Jairo Zulbarán

Personal information
- Full name: Jairo Luís Zulbarán
- Date of birth: 7 January 1970
- Place of birth: Santa Marta, Colombia
- Date of death: 15 March 2002 (aged 32)
- Place of death: Santa Marta, Colombia
- Height: 1.75 m (5 ft 9 in)
- Position(s): Forward

Senior career*
- Years: Team / Apps / (Gls)
- 1989–1991: Unión Magdalena
- 1991: Sporting Club
- 1992: Independiente Medellín
- 1993-1995: Millonarios
- 1995-1997: Unión Magdalena
- 1997–1998: Unicosta
- Total:  / 243 / (51)

International career
- 1989–1992: Colombia U20

= Jairo Zulbarán =

Colombian footballer (1970-2002)

Jairo Luís Zulbarán, known as Calanche (7 January 1970 – 15 March 2002), was a Colombian football forward.

==Club career==
Born in Santa Marta, Zulbarán began his professional football career with Unión Magdalena and would play for Sporting de Barranquilla, Independiente Medellín, Real Cartagena, Millonarios and Unicosta.
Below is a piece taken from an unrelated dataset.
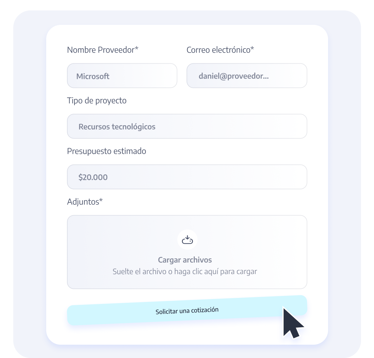 Personaliza tus formularios de creación y actualización de proveedores para que puedan completar todos los requerimientos de compliance y auditoria de forma ágil y amigable

He is one of Unicosta's all-time leading goal-scorers. He ended his career early after having problems with his knee ligaments.

==International career==
Zulbarán competed for Colombia at the 1989 FIFA World Youth Championship in Saudi Arabia and the 1992 Summer Olympics in Barcelona.

==Personal life and death==
In March 2002, Zulbarán was shot dead in a public market in downtown Santa Marta.